### Source records

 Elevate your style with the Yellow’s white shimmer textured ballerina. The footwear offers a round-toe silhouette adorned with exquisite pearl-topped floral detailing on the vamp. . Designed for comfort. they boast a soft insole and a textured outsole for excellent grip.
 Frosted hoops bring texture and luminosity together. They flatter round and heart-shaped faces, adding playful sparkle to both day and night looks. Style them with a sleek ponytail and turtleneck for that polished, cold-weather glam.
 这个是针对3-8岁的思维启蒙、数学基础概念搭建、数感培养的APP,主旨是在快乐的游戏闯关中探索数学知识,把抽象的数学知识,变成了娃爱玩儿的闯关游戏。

==

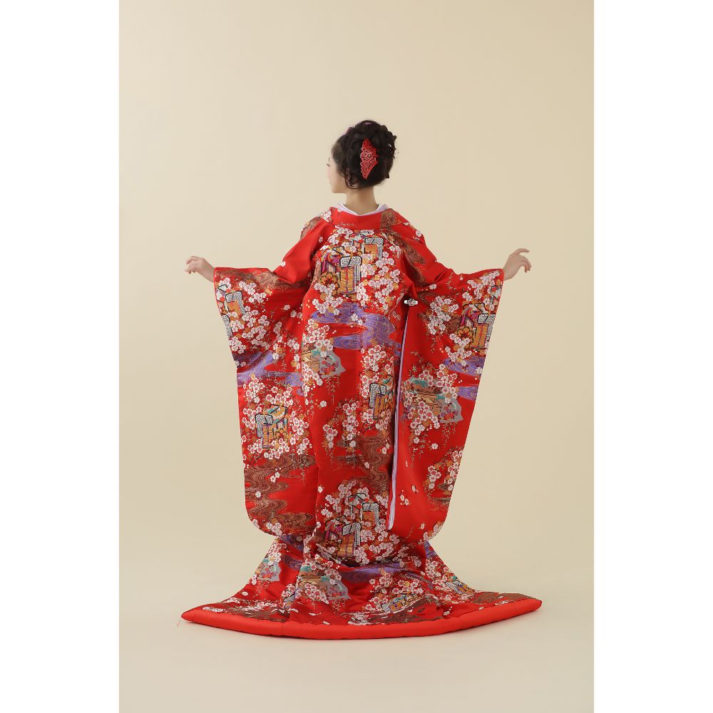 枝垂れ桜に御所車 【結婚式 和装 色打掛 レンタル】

### Work task
Check each line above for the string "round" and show the ones that have it.

### Problem solution
 Elevate your style with the Yellow’s white shimmer textured ballerina. The footwear offers a round-toe silhouette adorned with exquisite pearl-topped floral detailing on the vamp. . Designed for comfort. they boast a soft insole and a textured outsole for excellent grip.
 Frosted hoops bring texture and luminosity together. They flatter round and heart-shaped faces, adding playful sparkle to both day and night looks. Style them with a sleek ponytail and turtleneck for that polished, cold-weather glam.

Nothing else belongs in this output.